Exercise >> An exact transcription of the records is required, minus any images.

Extracted material >>
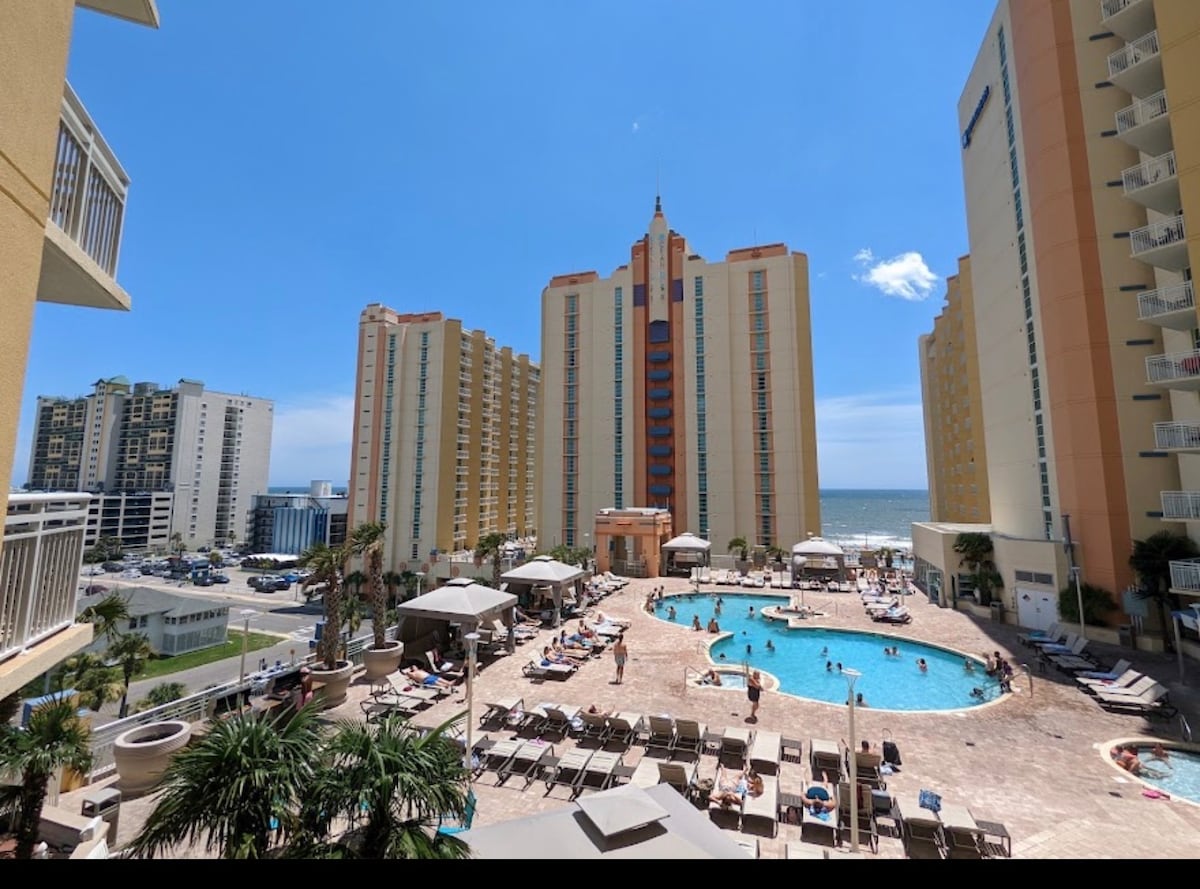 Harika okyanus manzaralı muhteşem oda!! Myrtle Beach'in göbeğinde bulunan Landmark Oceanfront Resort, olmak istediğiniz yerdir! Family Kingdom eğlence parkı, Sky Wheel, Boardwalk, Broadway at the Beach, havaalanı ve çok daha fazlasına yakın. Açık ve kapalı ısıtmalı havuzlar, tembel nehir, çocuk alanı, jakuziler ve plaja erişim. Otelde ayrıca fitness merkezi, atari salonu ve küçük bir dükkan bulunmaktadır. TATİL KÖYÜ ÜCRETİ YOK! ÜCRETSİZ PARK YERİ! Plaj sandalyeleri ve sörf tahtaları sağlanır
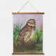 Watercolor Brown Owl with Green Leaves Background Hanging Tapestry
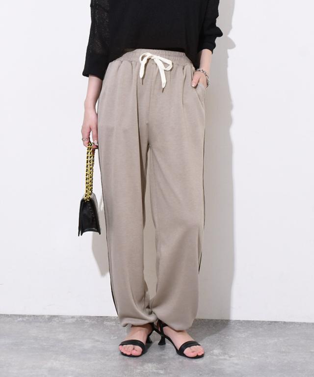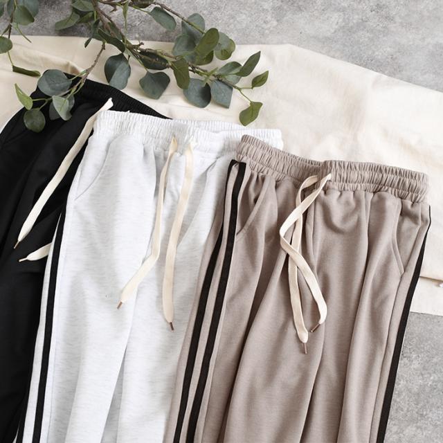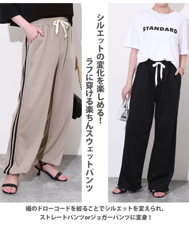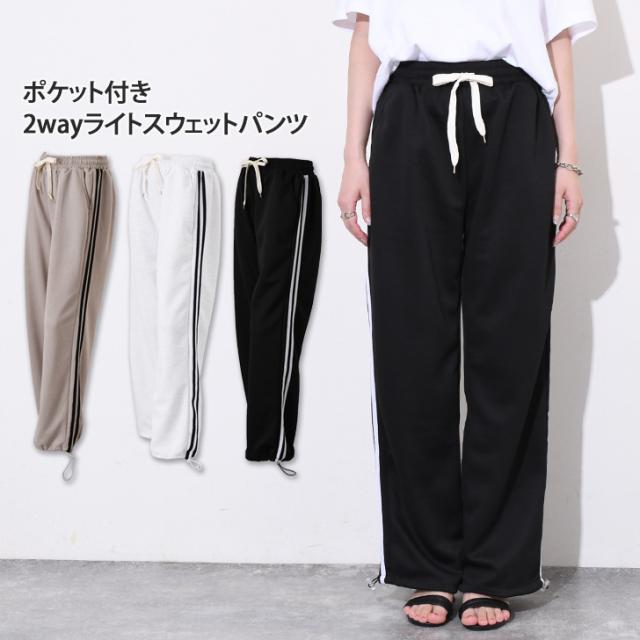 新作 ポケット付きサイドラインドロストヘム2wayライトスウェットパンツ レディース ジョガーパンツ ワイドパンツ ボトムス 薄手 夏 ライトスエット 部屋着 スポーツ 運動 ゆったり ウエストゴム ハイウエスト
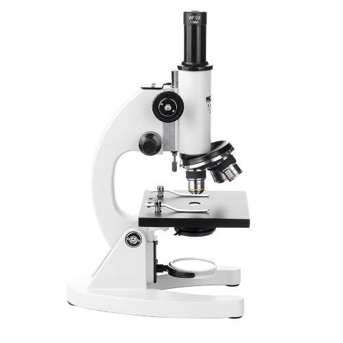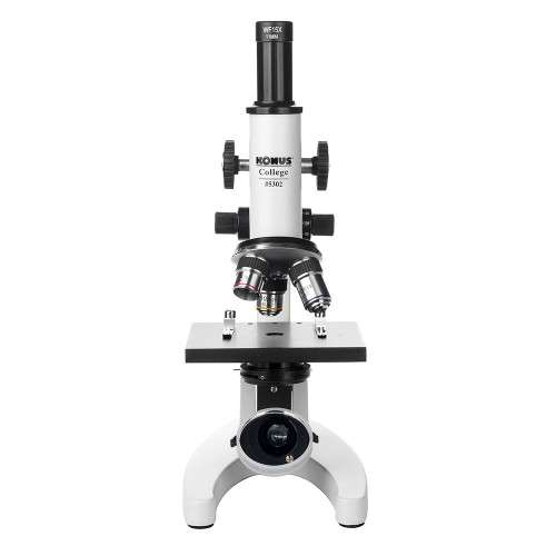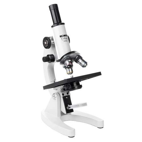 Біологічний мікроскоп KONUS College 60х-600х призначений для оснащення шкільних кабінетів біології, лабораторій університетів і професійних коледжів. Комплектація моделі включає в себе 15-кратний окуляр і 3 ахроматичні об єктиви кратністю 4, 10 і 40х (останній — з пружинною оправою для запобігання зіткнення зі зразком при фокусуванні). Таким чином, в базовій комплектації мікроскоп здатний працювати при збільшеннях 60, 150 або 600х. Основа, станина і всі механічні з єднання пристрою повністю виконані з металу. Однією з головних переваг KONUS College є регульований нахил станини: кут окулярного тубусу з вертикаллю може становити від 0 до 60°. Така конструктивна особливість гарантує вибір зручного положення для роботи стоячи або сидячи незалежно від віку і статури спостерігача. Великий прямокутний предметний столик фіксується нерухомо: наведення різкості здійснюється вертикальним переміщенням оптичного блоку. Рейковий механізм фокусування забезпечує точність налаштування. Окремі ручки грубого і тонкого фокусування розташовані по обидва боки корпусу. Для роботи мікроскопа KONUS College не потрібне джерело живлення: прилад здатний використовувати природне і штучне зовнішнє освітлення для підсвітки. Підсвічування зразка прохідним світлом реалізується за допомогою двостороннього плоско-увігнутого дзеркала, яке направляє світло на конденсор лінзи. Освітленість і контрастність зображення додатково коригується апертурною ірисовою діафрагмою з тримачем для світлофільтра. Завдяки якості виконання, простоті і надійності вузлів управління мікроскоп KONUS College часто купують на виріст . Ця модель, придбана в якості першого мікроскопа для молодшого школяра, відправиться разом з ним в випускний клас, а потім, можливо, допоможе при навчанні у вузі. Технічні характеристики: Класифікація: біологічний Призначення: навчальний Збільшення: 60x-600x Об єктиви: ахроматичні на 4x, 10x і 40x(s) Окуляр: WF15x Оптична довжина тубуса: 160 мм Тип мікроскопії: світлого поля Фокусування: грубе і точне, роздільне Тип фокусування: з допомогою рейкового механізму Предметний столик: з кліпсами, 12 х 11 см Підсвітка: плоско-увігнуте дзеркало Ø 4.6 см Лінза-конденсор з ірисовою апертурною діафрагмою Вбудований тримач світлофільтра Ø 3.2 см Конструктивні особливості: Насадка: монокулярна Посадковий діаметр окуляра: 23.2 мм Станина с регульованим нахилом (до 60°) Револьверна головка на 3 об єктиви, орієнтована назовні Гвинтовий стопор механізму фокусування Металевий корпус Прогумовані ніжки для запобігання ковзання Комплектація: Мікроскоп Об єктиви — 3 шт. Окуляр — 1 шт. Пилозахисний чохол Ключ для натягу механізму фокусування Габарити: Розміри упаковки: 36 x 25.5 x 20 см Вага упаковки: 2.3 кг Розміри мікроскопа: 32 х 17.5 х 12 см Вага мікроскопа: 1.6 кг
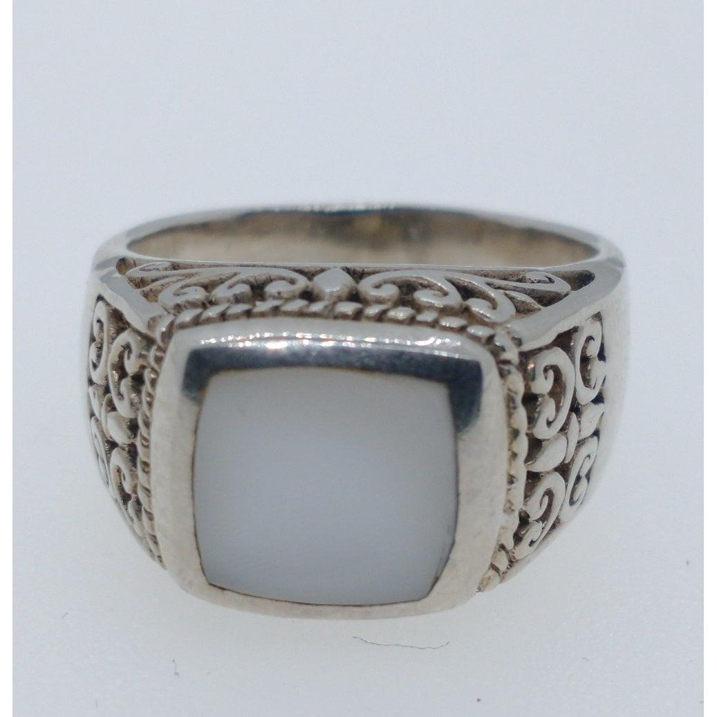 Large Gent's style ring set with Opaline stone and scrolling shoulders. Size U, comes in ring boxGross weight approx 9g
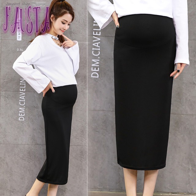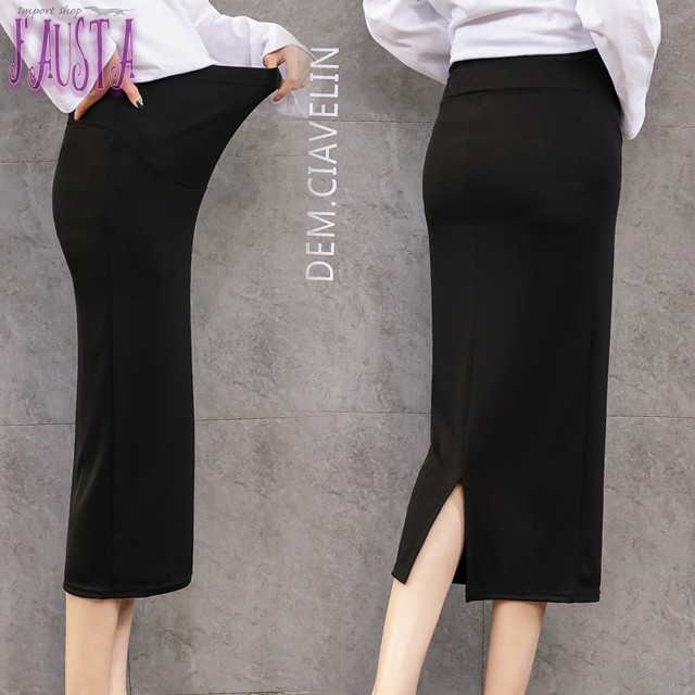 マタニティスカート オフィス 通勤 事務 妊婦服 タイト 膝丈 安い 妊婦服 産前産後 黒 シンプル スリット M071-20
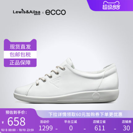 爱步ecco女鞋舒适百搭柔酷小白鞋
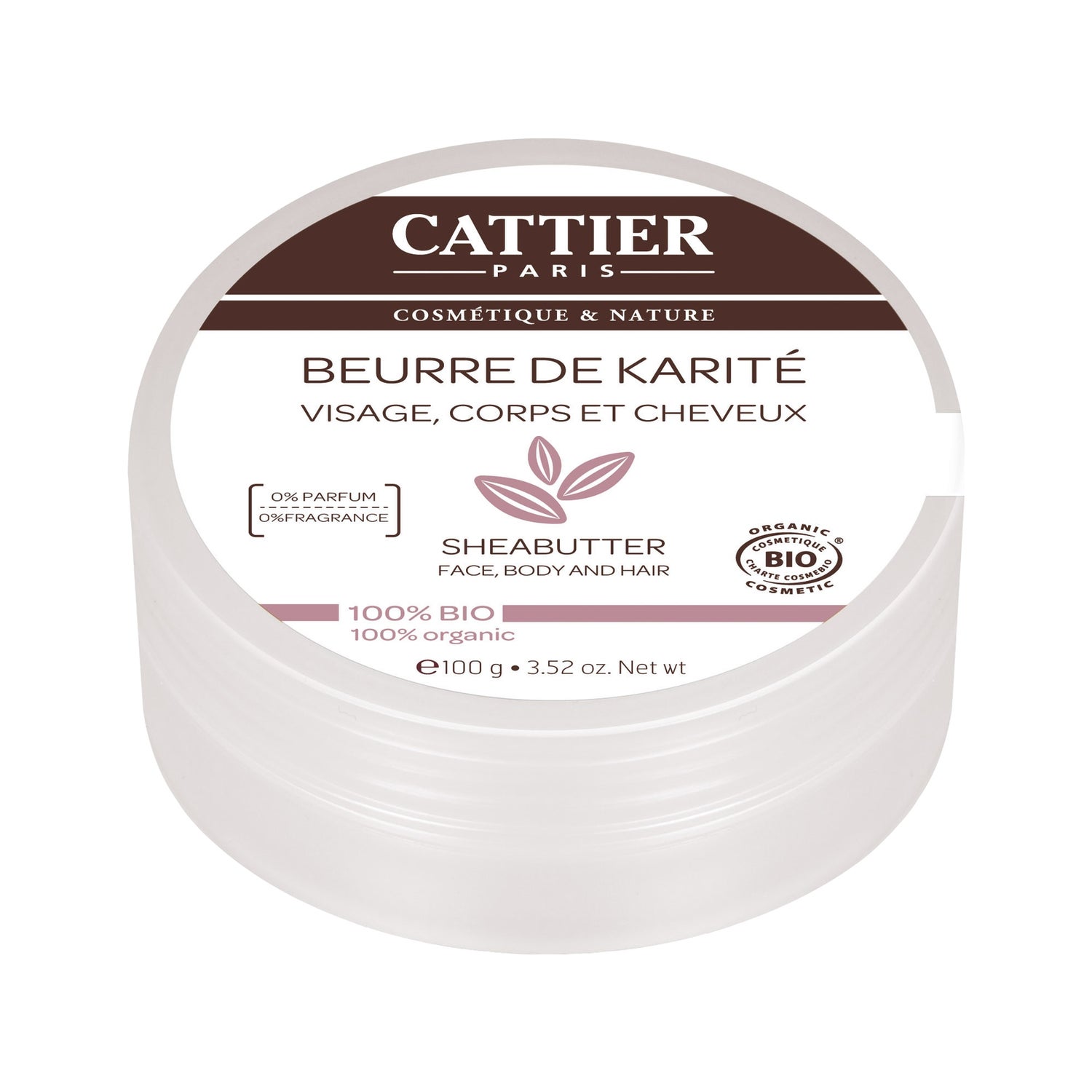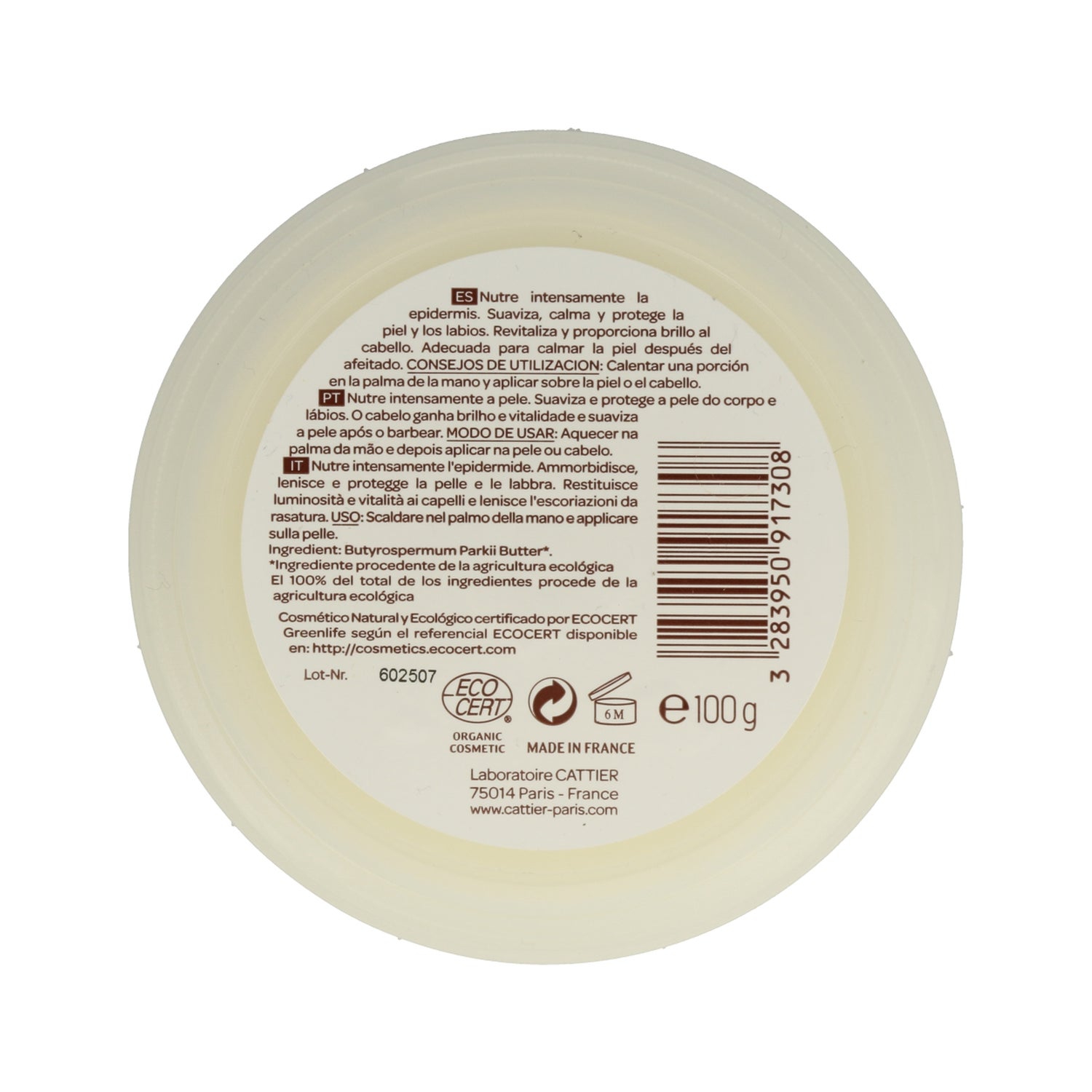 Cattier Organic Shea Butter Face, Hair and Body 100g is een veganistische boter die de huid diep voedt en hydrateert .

Reply >>
 Harika okyanus manzaralı muhteşem oda!! Myrtle Beach'in göbeğinde bulunan Landmark Oceanfront Resort, olmak istediğiniz yerdir! Family Kingdom eğlence parkı, Sky Wheel, Boardwalk, Broadway at the Beach, havaalanı ve çok daha fazlasına yakın. Açık ve kapalı ısıtmalı havuzlar, tembel nehir, çocuk alanı, jakuziler ve plaja erişim. Otelde ayrıca fitness merkezi, atari salonu ve küçük bir dükkan bulunmaktadır. TATİL KÖYÜ ÜCRETİ YOK! ÜCRETSİZ PARK YERİ! Plaj sandalyeleri ve sörf tahtaları sağlanır
 Watercolor Brown Owl with Green Leaves Background Hanging Tapestry
 新作 ポケット付きサイドラインドロストヘム2wayライトスウェットパンツ レディース ジョガーパンツ ワイドパンツ ボトムス 薄手 夏 ライトスエット 部屋着 スポーツ 運動 ゆったり ウエストゴム ハイウエスト
 Біологічний мікроскоп KONUS College 60х-600х призначений для оснащення шкільних кабінетів біології, лабораторій університетів і професійних коледжів. Комплектація моделі включає в себе 15-кратний окуляр і 3 ахроматичні об єктиви кратністю 4, 10 і 40х (останній — з пружинною оправою для запобігання зіткнення зі зразком при фокусуванні). Таким чином, в базовій комплектації мікроскоп здатний працювати при збільшеннях 60, 150 або 600х. Основа, станина і всі механічні з єднання пристрою повністю виконані з металу. Однією з головних переваг KONUS College є регульований нахил станини: кут окулярного тубусу з вертикаллю може становити від 0 до 60°. Така конструктивна особливість гарантує вибір зручного положення для роботи стоячи або сидячи незалежно від віку і статури спостерігача. Великий прямокутний предметний столик фіксується нерухомо: наведення різкості здійснюється вертикальним переміщенням оптичного блоку. Рейковий механізм фокусування забезпечує точність налаштування. Окремі ручки грубого і тонкого фокусування розташовані по обидва боки корпусу. Для роботи мікроскопа KONUS College не потрібне джерело живлення: прилад здатний використовувати природне і штучне зовнішнє освітлення для підсвітки. Підсвічування зразка прохідним світлом реалізується за допомогою двостороннього плоско-увігнутого дзеркала, яке направляє світло на конденсор лінзи. Освітленість і контрастність зображення додатково коригується апертурною ірисовою діафрагмою з тримачем для світлофільтра. Завдяки якості виконання, простоті і надійності вузлів управління мікроскоп KONUS College часто купують на виріст . Ця модель, придбана в якості першого мікроскопа для молодшого школяра, відправиться разом з ним в випускний клас, а потім, можливо, допоможе при навчанні у вузі. Технічні характеристики: Класифікація: біологічний Призначення: навчальний Збільшення: 60x-600x Об єктиви: ахроматичні на 4x, 10x і 40x(s) Окуляр: WF15x Оптична довжина тубуса: 160 мм Тип мікроскопії: світлого поля Фокусування: грубе і точне, роздільне Тип фокусування: з допомогою рейкового механізму Предметний столик: з кліпсами, 12 х 11 см Підсвітка: плоско-увігнуте дзеркало Ø 4.6 см Лінза-конденсор з ірисовою апертурною діафрагмою Вбудований тримач світлофільтра Ø 3.2 см Конструктивні особливості: Насадка: монокулярна Посадковий діаметр окуляра: 23.2 мм Станина с регульованим нахилом (до 60°) Револьверна головка на 3 об єктиви, орієнтована назовні Гвинтовий стопор механізму фокусування Металевий корпус Прогумовані ніжки для запобігання ковзання Комплектація: Мікроскоп Об єктиви — 3 шт. Окуляр — 1 шт. Пилозахисний чохол Ключ для натягу механізму фокусування Габарити: Розміри упаковки: 36 x 25.5 x 20 см Вага упаковки: 2.3 кг Розміри мікроскопа: 32 х 17.5 х 12 см Вага мікроскопа: 1.6 кг
 Large Gent's style ring set with Opaline stone and scrolling shoulders. Size U, comes in ring boxGross weight approx 9g
 マタニティスカート オフィス 通勤 事務 妊婦服 タイト 膝丈 安い 妊婦服 産前産後 黒 シンプル スリット M071-20
 爱步ecco女鞋舒适百搭柔酷小白鞋
 Cattier Organic Shea Butter Face, Hair and Body 100g is een veganistische boter die de huid diep voedt en hydrateert .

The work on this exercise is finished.